People like Max Boot are telling you that nothing like this has ever happened before. They’re misleading you.
There are other examples. As a new president, Dwight Eisenhower pursued a “New Look” military strategy that emphasized nuclear deterrence and reduced funding for land-based deterrent forces. In response, he faced what historians have called a “colonels’ revolt,” led by army officers who sought to embarrass and discredit their commander in chief. Eisenhower pursued his chosen policy course over their objections, properly regarding himself as the final authority on national military policy. They weren’t being apolitical, and Eisenhower wasn’t politicizing the army.
The President of the United States commands the American armed forces and properly expects loyalty and obedience from his military subordinates. Donald Trump is not the first president to have this thought.

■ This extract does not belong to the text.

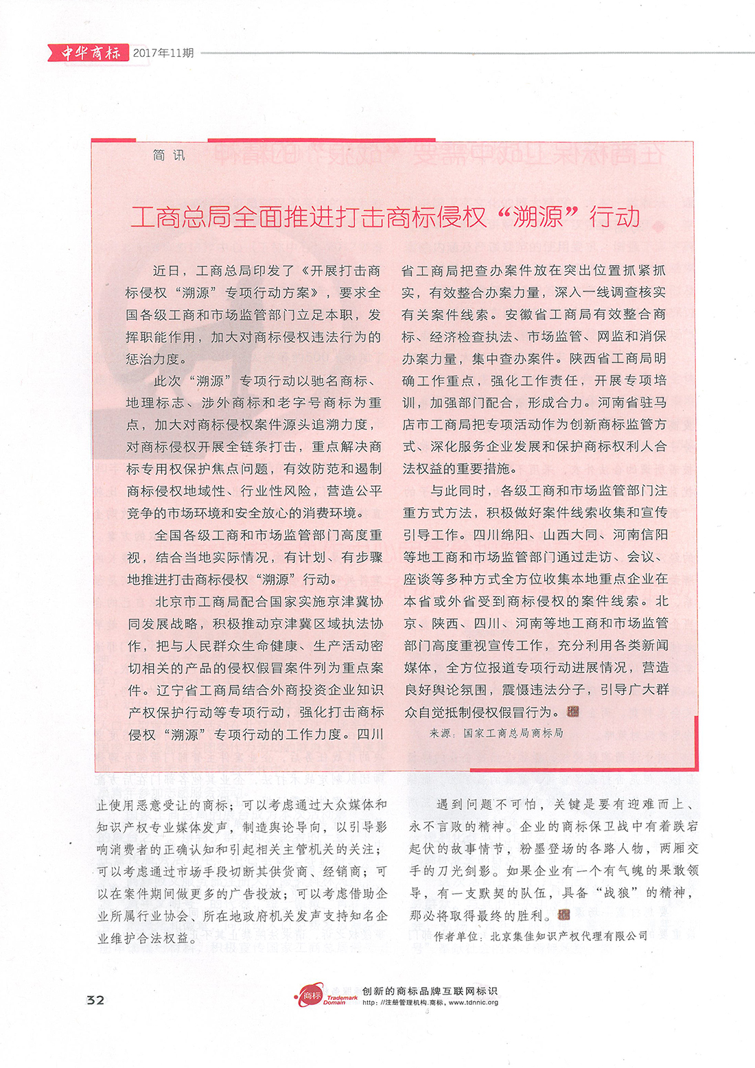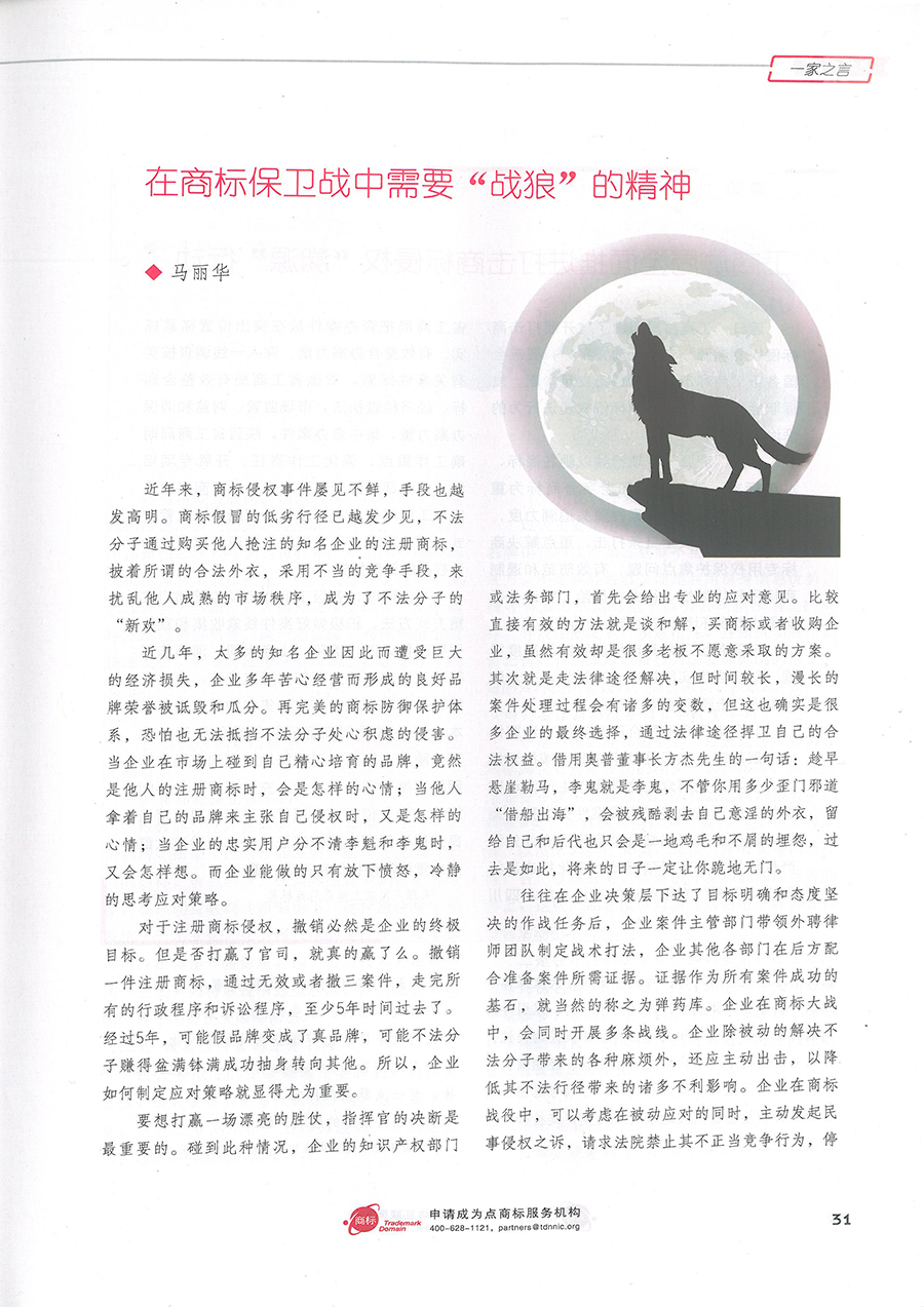 集佳文章《在商標保衛(wèi)戰(zhàn)中需要“戰(zhàn)狼”的精神》在《中華商標》發(fā)表
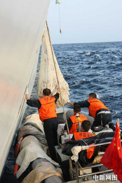 09年4月在西印度洋遭索馬里海盜挾持的臺(tái)灣遠(yuǎn)洋漁船“穩(wěn)發(fā)161號(hào)”,歷經(jīng)各方營救,終于在遭挾持10個(gè)多月后,包括船長(zhǎng)顏勝男等共28人返回高雄港。圖片來源:中國新聞網(wǎng)

Erecting a false comparison between supposedly apolitical behavior among flag officers and the alleged politicization of the officer corps, Boot keeps fudging the factual picture. Trump, he writes, “fired General C. Q. Brown, the second Black chairman of the Joint Chiefs of Staff,” and “no reason was given.” But here’s his discussion of Brown’s military career: “Brown, a low-key but widely respected leader, was said to have incurred the administration’s wrath by making a video in 2020, during the George Floyd protests, talking about the discrimination he had faced during his rise through the ranks.”
You can watch that video here. It features an Air Force flag officer, in uniform, talking about “the current events surrounding the tragic death of George Floyd,” and about “necessary conversations on racism, diversity, and inclusion.”
In Boot’s telling, generals who speak in uniform about George Floyd and race relations in American society are being vigorously apolitical, while disagreement or criticism of that same discussion is a politicization of the military. Officers who support the Biden administration’s DEI and transgender-inclusion policies are apolitical; officers who support the Trump administration’s turn from those policies are embracing politics and putting personal loyalty ahead of their oath. This is not an enormously subtle double standard: Loyalty to Biden isn’t political, but loyalty to Trump is. Democrats are politically neutral, but mean MAGA presidents have a tawdry partisan expectation that the military will follow their policy directives. This is not a depiction to be taken seriously.
All of Trump’s choices in military policy and personnel are fair game for political debate. But nothing he is doing with the armed forces falls outside American political norms. The attempt to pathologize ordinary course corrections in the military is a dishonest and self-interested effort to prevent reasonable institutional change — a new version of an old reaction. Like Jefferson and Eisenhower, Trump is bringing the armed forces into line with his chosen policy course. He is not the first, and he’s certainly not wrong.